How to read csv file in Python

Introduction

CSV (Comma Separated Values) files are a popular way to store and share data because of their simplicity, versatility, and ability to be read by both humans and machines. They're often used in data science, machine learning, and web development projects.

In this blog post, we'll explore how to read CSV files in Python using various approaches, such as the built-in csv module and the popular pandas library. Along the way, we'll provide code examples and practical tips to help you understand and apply these techniques in your own projects.

Prerequisites

To follow along, you'll need to have Python installed on your machine. We'll be using Python 3 in this tutorial, but the examples should work with minor modifications in Python 2 as well. You can download Python from the official website at https://www.python.org/downloads/.

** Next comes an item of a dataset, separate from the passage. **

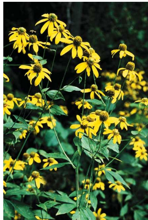
Rudbeckia laciniata (Green Headed Cone flower) H: 3 to 9 feet, July - September

Additionally, we'll be using the pandas library, which you can install using the following command if you don't already have it:

pip install pandas

Now that we have Python and pandas installed let's dive into reading CSV files.

Reading CSV files using the built-in csv module

Python comes with a built-in csv module that provides two primary functions for reading CSV files: csv.reader() and csv.DictReader(). We'll explore both of these functions and their differences below.

Using csv.reader()

csv.reader() is a function that reads CSV files and returns an iterable object, which can be used to access rows in the CSV file one at a time. To use csv.reader(), we'll need to follow these steps:

  1. Open the CSV file using Python's built-in open() function.
  2. Create a csv.reader() object using the opened file.
  3. Iterate through the rows in the reader object and process each row as needed.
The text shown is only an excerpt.